-- Opening Marker --

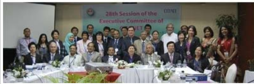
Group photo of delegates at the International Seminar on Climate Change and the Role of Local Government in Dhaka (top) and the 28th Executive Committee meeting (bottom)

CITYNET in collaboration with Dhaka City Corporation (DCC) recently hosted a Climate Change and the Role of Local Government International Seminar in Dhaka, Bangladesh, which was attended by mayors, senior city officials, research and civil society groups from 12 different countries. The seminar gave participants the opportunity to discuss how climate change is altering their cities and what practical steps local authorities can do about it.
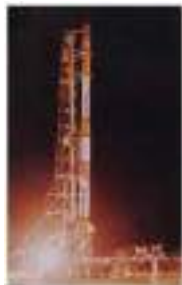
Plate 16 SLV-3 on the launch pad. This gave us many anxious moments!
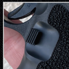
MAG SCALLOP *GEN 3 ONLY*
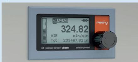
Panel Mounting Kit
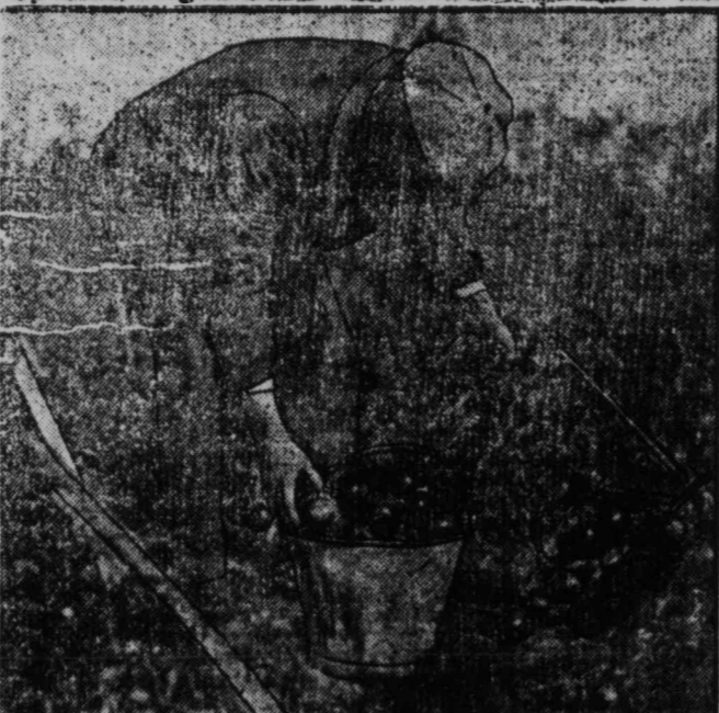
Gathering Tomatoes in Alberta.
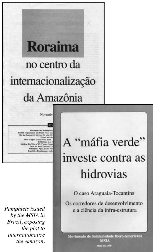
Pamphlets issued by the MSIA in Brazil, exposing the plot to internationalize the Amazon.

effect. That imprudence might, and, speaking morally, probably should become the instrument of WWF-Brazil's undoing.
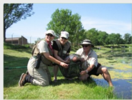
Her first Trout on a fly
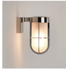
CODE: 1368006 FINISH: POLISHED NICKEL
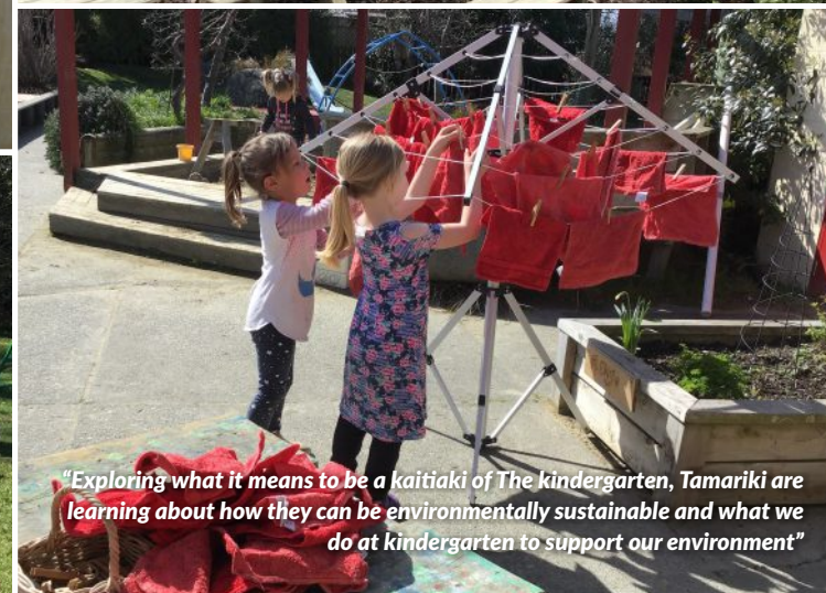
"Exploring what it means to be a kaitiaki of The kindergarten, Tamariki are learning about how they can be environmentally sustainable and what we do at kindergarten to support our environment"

-- Closing Marker --
-- Opening Marker --

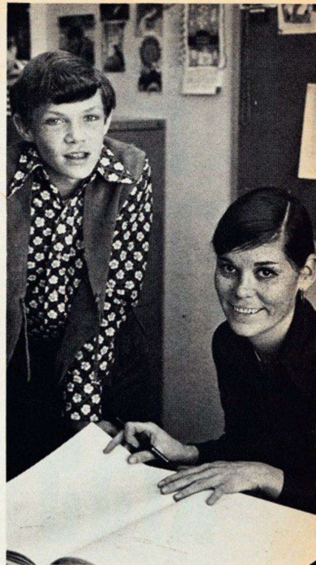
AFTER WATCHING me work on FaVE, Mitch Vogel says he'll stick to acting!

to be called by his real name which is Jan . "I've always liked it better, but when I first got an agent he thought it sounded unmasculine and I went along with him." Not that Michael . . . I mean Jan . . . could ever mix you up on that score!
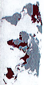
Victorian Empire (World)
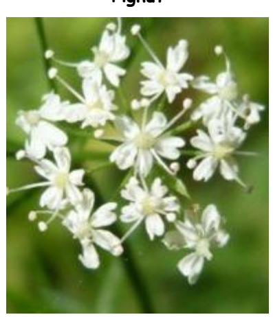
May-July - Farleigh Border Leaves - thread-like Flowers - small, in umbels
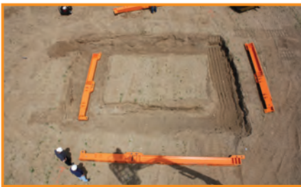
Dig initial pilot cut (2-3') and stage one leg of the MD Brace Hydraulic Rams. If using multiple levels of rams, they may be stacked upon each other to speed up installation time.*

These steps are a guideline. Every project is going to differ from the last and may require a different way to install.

-- Closing Marker --

→ Goal of the exercise
Each line above where the word "first" occurs should be copied out.

→ Result for this task
Her first Trout on a fly
to be called by his real name which is Jan . "I've always liked it better, but when I first got an agent he thought it sounded unmasculine and I went along with him." Not that Michael . . . I mean Jan . . . could ever mix you up on that score!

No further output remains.